**ACTIVITY:**
Exact copies of the lines below, from the one with "Materialet består av" up to and including the one with "Bicicleta Elétrica Dobrável", are what this calls for; leave out pictures.

**TASK DATA:**
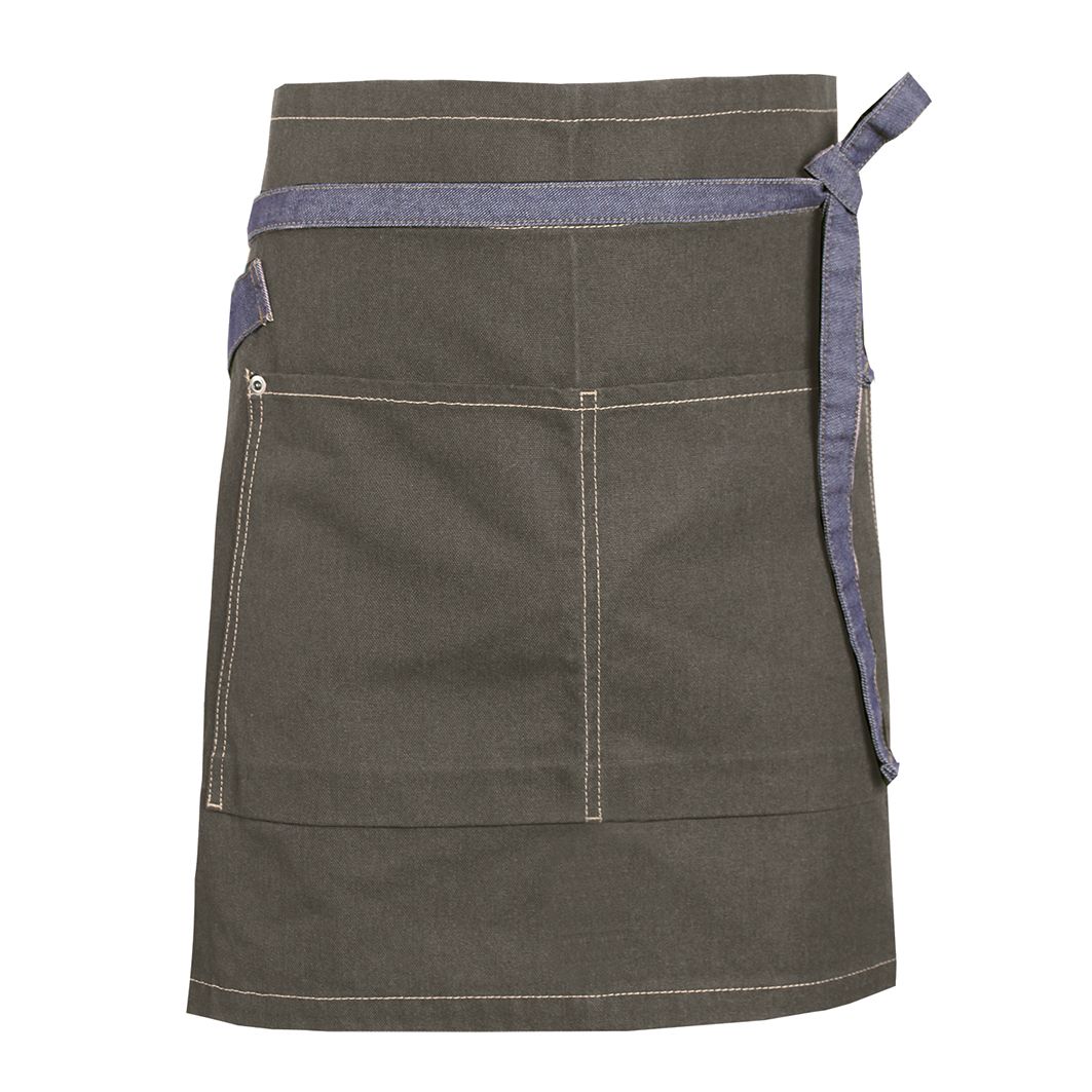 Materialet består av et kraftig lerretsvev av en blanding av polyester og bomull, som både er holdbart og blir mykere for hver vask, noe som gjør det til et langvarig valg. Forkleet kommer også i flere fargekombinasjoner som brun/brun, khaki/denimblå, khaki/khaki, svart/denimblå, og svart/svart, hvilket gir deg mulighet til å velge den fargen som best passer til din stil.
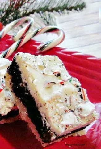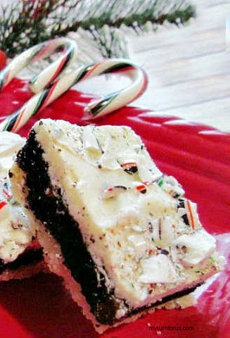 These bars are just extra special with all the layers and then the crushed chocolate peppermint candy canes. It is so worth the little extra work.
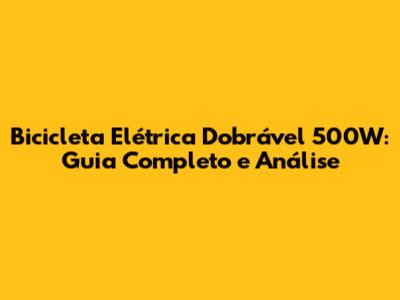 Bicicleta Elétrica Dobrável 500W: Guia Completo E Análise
* * *
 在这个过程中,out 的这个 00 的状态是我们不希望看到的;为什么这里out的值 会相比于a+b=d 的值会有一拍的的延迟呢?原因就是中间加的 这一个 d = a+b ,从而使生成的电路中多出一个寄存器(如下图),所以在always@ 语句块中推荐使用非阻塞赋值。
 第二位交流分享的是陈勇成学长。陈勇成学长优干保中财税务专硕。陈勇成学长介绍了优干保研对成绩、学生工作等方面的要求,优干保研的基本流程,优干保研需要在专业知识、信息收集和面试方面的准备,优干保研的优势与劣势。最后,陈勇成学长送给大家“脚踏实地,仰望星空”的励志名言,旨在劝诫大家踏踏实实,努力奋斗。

**TASK RESULT:**
 Materialet består av et kraftig lerretsvev av en blanding av polyester og bomull, som både er holdbart og blir mykere for hver vask, noe som gjør det til et langvarig valg. Forkleet kommer også i flere fargekombinasjoner som brun/brun, khaki/denimblå, khaki/khaki, svart/denimblå, og svart/svart, hvilket gir deg mulighet til å velge den fargen som best passer til din stil.
 These bars are just extra special with all the layers and then the crushed chocolate peppermint candy canes. It is so worth the little extra work.
 Bicicleta Elétrica Dobrável 500W: Guia Completo E Análise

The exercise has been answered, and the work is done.